# Context-sensitive Spelling Correction

The goal of the assignment is to implement context-sensitive spelling correction. The input of the code will be a set of text lines and the output will be the same lines with spelling mistakes fixed.

Submit the solution of the assignment to Moodle as a link to your GitHub repository containing this notebook.

Useful links:
- [Norvig's solution](https://norvig.com/spell-correct.html)
- [Norvig's dataset](https://norvig.com/big.txt)
- [Ngrams data](https://www.ngrams.info/download_coca.asp)

Grading:
- 60 points - Implement spelling correction
- 20 points - Justify your decisions
- 20 points - Evaluate on a test set


## Implement context-sensitive spelling correction

Your task is to implement context-sensitive spelling corrector using N-gram language model. The idea is to compute conditional probabilities of possible correction options. For example, the phrase "dking sport" should be fixed as "doing sport" not "dying sport", while "dking species" -- as "dying species".

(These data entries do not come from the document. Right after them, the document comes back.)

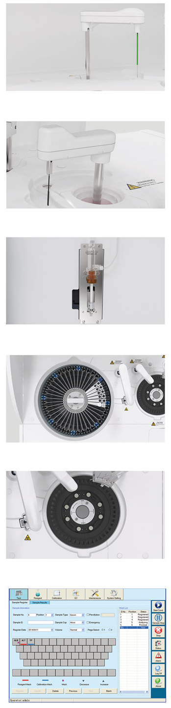 Machine type: Random access, open reagent & locked reagent(Optional) Test speed: Constant 200 test/hour(Single or double reagent) Test principle: Colorimetric method, turbidimetry Test method:1 point end,2 point end, Fixed-Time, Kinetics Sample tray:40 sample positions. Sample cup type: Micro cup & test tube Reagent tray:80 reagent positions Sample volume: 2-30ul.step bu 0.1ul Reagent volume:2-300ul,step by 1 ul Sample & Reagent bar code reader(Optional) Reagent unit Reaction tray: 44 high quality plastic cuvettes Reagent volume:150ul-350ul Reaction time:10 minutes Temperature: Petler pad incubation system. Reaction temperature (37 ℃± 0.1℃ ) Cuvette washing:3*4 steps automatic washing
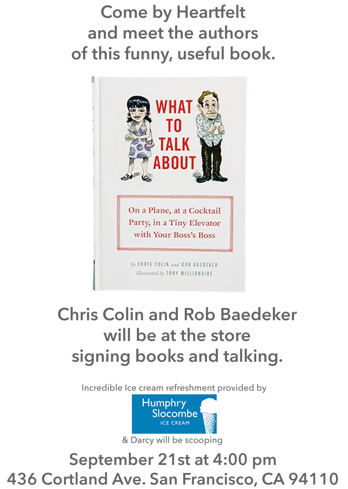 Celebrity author Chris Colin and his writing partner Rob Baedecker have written a ridiculously awesome book about the fine art of conversation that’s called “What to Talk About: On a Plane, at a Cocktail Party, in a Tiny Elevator with Your Boss’s Boss.” It’s sort of a self-help book, and sort of a comedy book, and just enough of each to make it both entertaining and useful and useful and entertaining. I’ve read it, I learned from it, it cracked me up, and I highly recommend it.
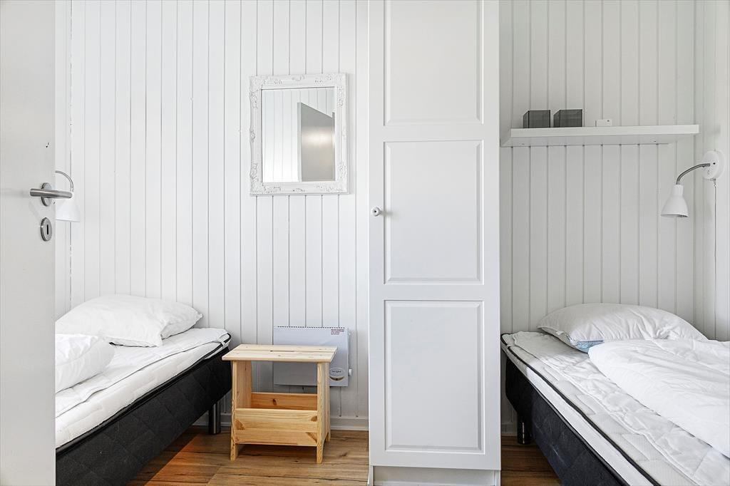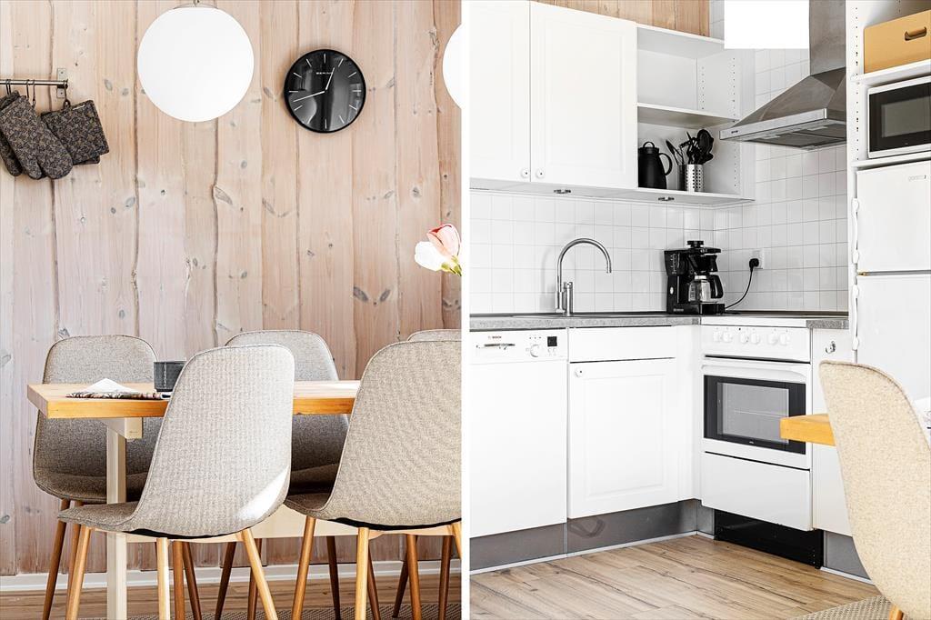 Lejligheden, der ligger i stueplan i en solid rødstensejendom, blev renoveret på gennemført og omsorgsfuld vis i 2015. Indretningen er både hyggelig og komfortabel, og med lyse trælister på væggene, profilerede døre og flere fine detaljer er den klassiske, skandinaviske sommerhuscharme helt i top. Planløsningen byder på to soveværelser, der begge er indrettet med to enkeltsenge. Ferieboligen rummer naturligvis også et badeværelse og sidst, men ikke mindst, et stort opholdsrum med integreret køkken. Det veludstyrede køkken er et dejligt sted at hygge om madlavningen, mens resten af familien slapper af i sofaafdelingen eller spiller terninger ved spisebordet.
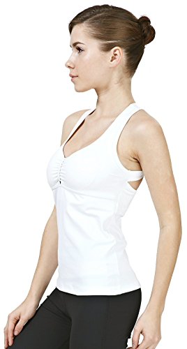 -. Binding : Apparel -. Brand : TH3 -. Department : womens -. Feature : Teflon(c) fabric protector makes fabrics easy to clean; Moisture wicking evaporates sweat quickly keeping you cool and dry. / An 8.5 ounces/sq. yard densely knitted fabric for support and comfort made with Nylon for strength and durability. / Stretch fit with Lycra(c) to give your body complete coverage, while also flattering your curves; Flat internal seams that reduce chafing. / Built-in shelf bra with removable pad included. / Machine wash cold -. Model : 1-3860 -. ProductGroup : Apparel -. ProductTypeName : SHIRT -. Title : TH3 Women's Performance Yoga Top with Shirred Bustline
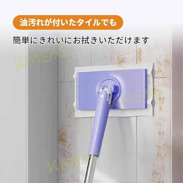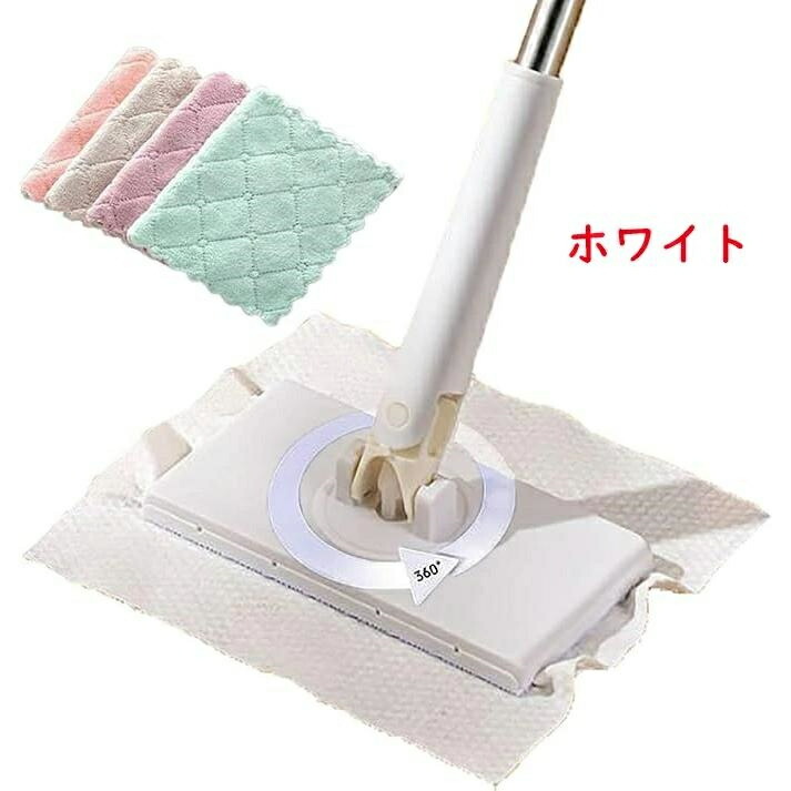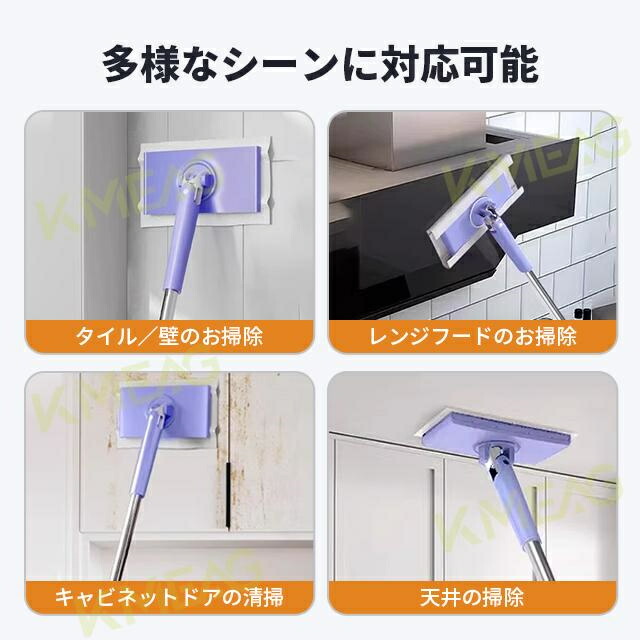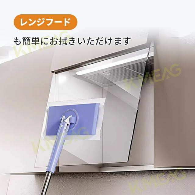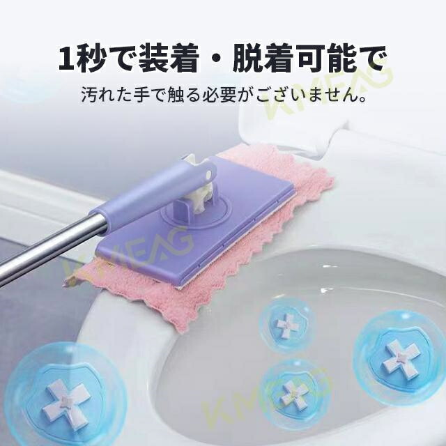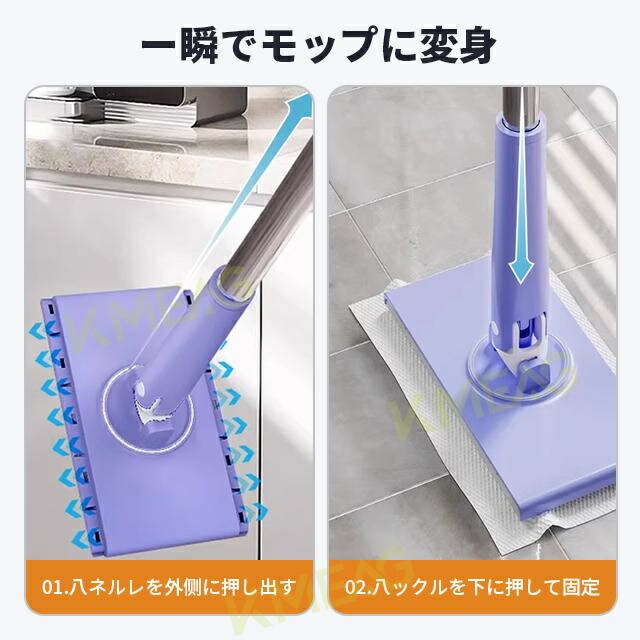 自動で雑巾を挟むモップ、クレンジングタオルが一瞬でモップに変身、手洗い不要/自動でシートを挟む/前後左右90°可動。ハンドルで軽く押す、1秒だけでクロスを挟める、従来の掃除方法を変える手を汚さず/接触しない/高所に使える、軽く回転させて、隅々まで清潔に。
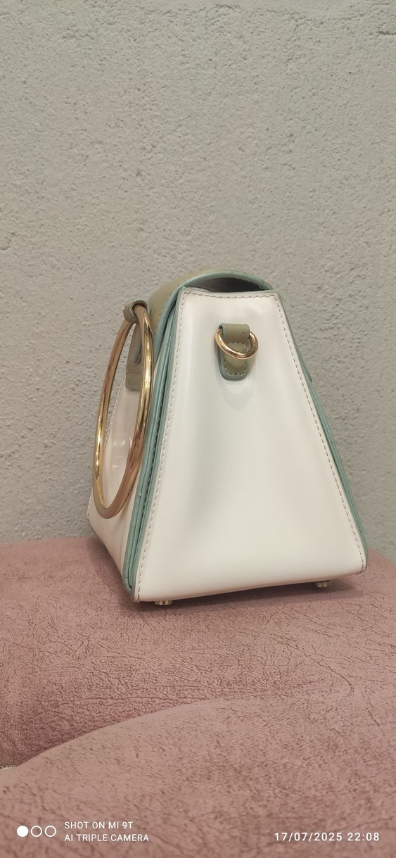 beyaz deri kadın çanta, püskül detayı ve altın renkli kulp ile minimalist ve çağdaş bir tasarıma sahiptir.
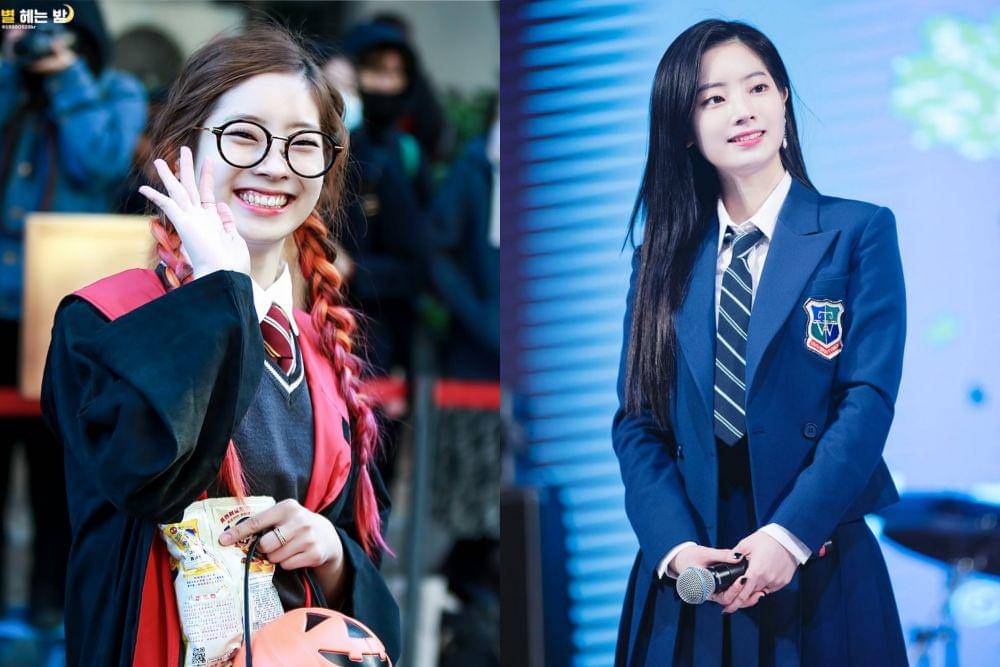 Punya konsep yang cute dan girly, para member TWICE memang kerap tampil dengan berbagai outfit yang dapat mendukung konsep mereka. Tak terkecuali Dahyun. Rapper TWICE yang selalu tampil ceria ini terlihat sangat cocok dengan outfit seragam sekolah yang membuatnya semakin menggemaskan.

The best way to start is to analyze [Norvig's solution](https://norvig.com/spell-correct.html) and [N-gram Language Models](https://web.stanford.edu/~jurafsky/slp3/3.pdf).

When solving this task, we expect you'll face (and successfully deal with) some problems or make up the ideas of the model improvement. Some of them are: 

- solving a problem of n-grams frequencies storing for a large corpus;
- taking into account keyboard layout and associated misspellings;
- efficiency improvement to make the solution faster;
- ...

Please don't forget to describe such cases, and what you decided to do with them, in the Justification section.

##### IMPORTANT:  
Your project should not be a mere code copy-paste from somewhere. You must provide:
- Your implementation
- Analysis of why the implemented approach is suggested
- Improvements of the original approach that you have chosen to implement

In [1]:
# Your code here

## Justify your decisions

Write down justificaitons for your implementation choices. For example, these choices could be:
- Which ngram dataset to use
- Which weights to assign for edit1, edit2 or absent words probabilities
- Beam search parameters
- etc.

*Your text here...*

## Evaluate on a test set

Your task is to generate a test set and evaluate your work. You may vary the noise probability to generate different datasets with varying compexity (or just take another dataset). Compare your solution to the Norvig's corrector, and report the accuracies.

In [None]:
# Your code here

#### Useful resources (also included in the archive in moodle):

1. [Possible dataset with N-grams](https://www.ngrams.info/download_coca.asp)
2. [Damerau–Levenshtein distance](https://en.wikipedia.org/wiki/Damerau–Levenshtein_distance#:~:text=Informally%2C%20the%20Damerau–Levenshtein%20distance,one%20word%20into%20the%20other.)

# Solution pipeline 

* Choose dataset for the 
* Implement the baseline model https://norvig.com/spell-correct.html and collet metrics on test dataset.
* Test dataset: https://titan.dcs.bbk.ac.uk/~roger/holbrook-tagged.dat


# Norvig's solution

In [2]:
import re
from collections import Counter

def words(text): return re.findall(r'\w+', text.lower())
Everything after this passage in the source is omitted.